WHAT TO WORK ON: Retype all data exactly as given. Pictures should not be retyped.

Source records:
§ §

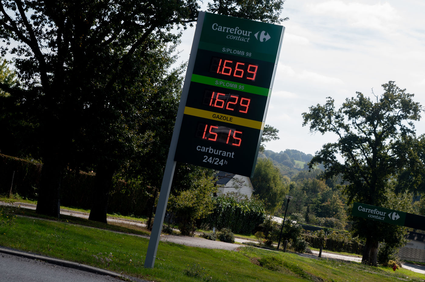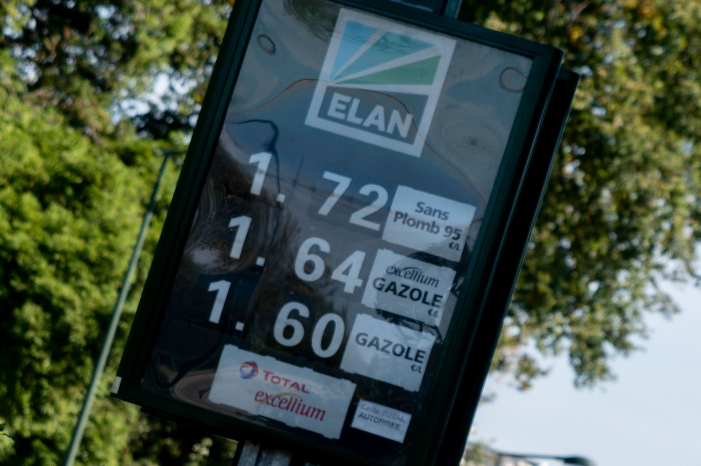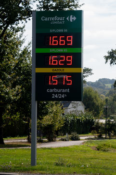 Inflation du prix gazole, qui s'affiche en moyenne à 1,5354€ le litre dans les stations-service de France, soit un nouveau record, après celui du 12 octobre 2018 (1,5331€), juste avant la crise des Gilets jaunes. Cette augmentation concerne également le Sans plomb 95-E10 qui atteint 1,60€ contre 1,56€ en août 2013. Photo d'illustration d'une station service de Nantes.
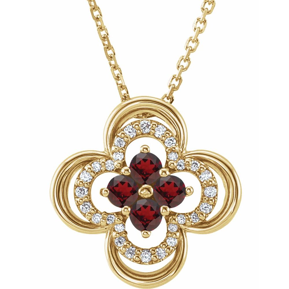 14k Yellow Gold Round Shape Mozambique Garnet and 1/10 cttw Diamond Clover Necklace (12.5x12.5mm, G-H, I1), 18"
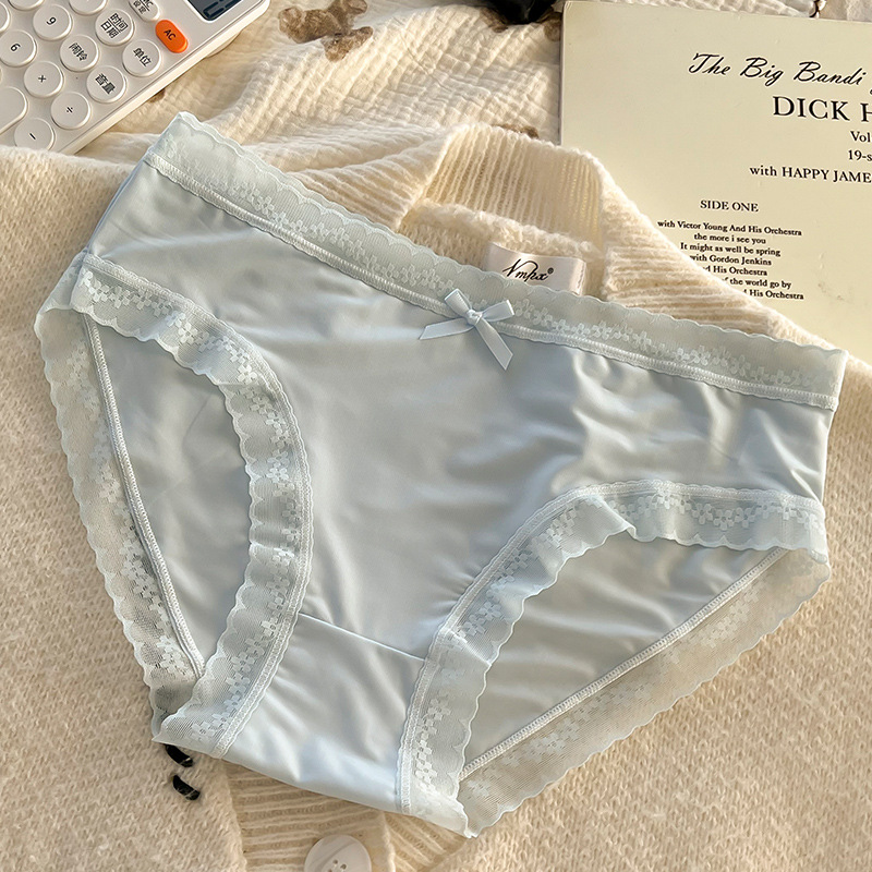 여름 초박형 아이스 실크 속옷 여성의 미드 웨이스트 활 통기성 섹시한 여자 일본 학생 브리프스토어 가기
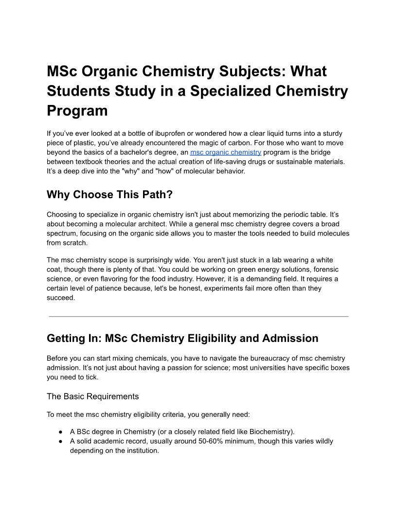 MSc Organic Chemistry Subjects: What Students Study in a Specialized Chemistry Program
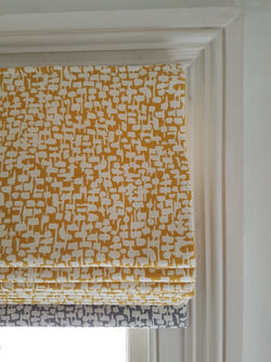 ![]() | ![]() Kitchen roman blind with upholstered pelmet in striking Romo fabric. | ![]() Landing Roman Blind in Romo chartreuse fabric. |
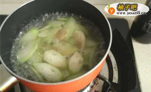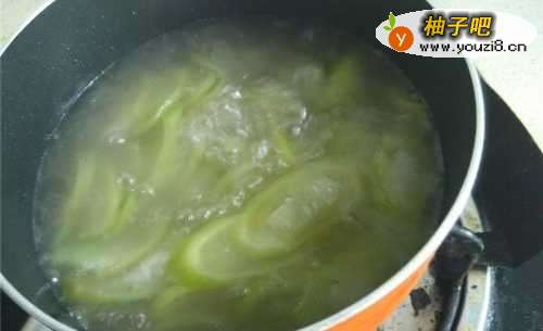 10将炒好的丝瓜片放入汤锅中。
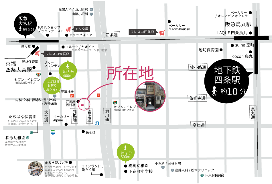 交 通 | 阪急京都線「大宮駅」2-A出口 徒歩約6分 |

§ §

ANSWER AREA:
 Inflation du prix gazole, qui s'affiche en moyenne à 1,5354€ le litre dans les stations-service de France, soit un nouveau record, après celui du 12 octobre 2018 (1,5331€), juste avant la crise des Gilets jaunes. Cette augmentation concerne également le Sans plomb 95-E10 qui atteint 1,60€ contre 1,56€ en août 2013. Photo d'illustration d'une station service de Nantes.
 14k Yellow Gold Round Shape Mozambique Garnet and 1/10 cttw Diamond Clover Necklace (12.5x12.5mm, G-H, I1), 18"
 여름 초박형 아이스 실크 속옷 여성의 미드 웨이스트 활 통기성 섹시한 여자 일본 학생 브리프스토어 가기
 MSc Organic Chemistry Subjects: What Students Study in a Specialized Chemistry Program
 ![]() | ![]() Kitchen roman blind with upholstered pelmet in striking Romo fabric. | ![]() Landing Roman Blind in Romo chartreuse fabric. |
 10将炒好的丝瓜片放入汤锅中。
 交 通 | 阪急京都線「大宮駅」2-A出口 徒歩約6分 |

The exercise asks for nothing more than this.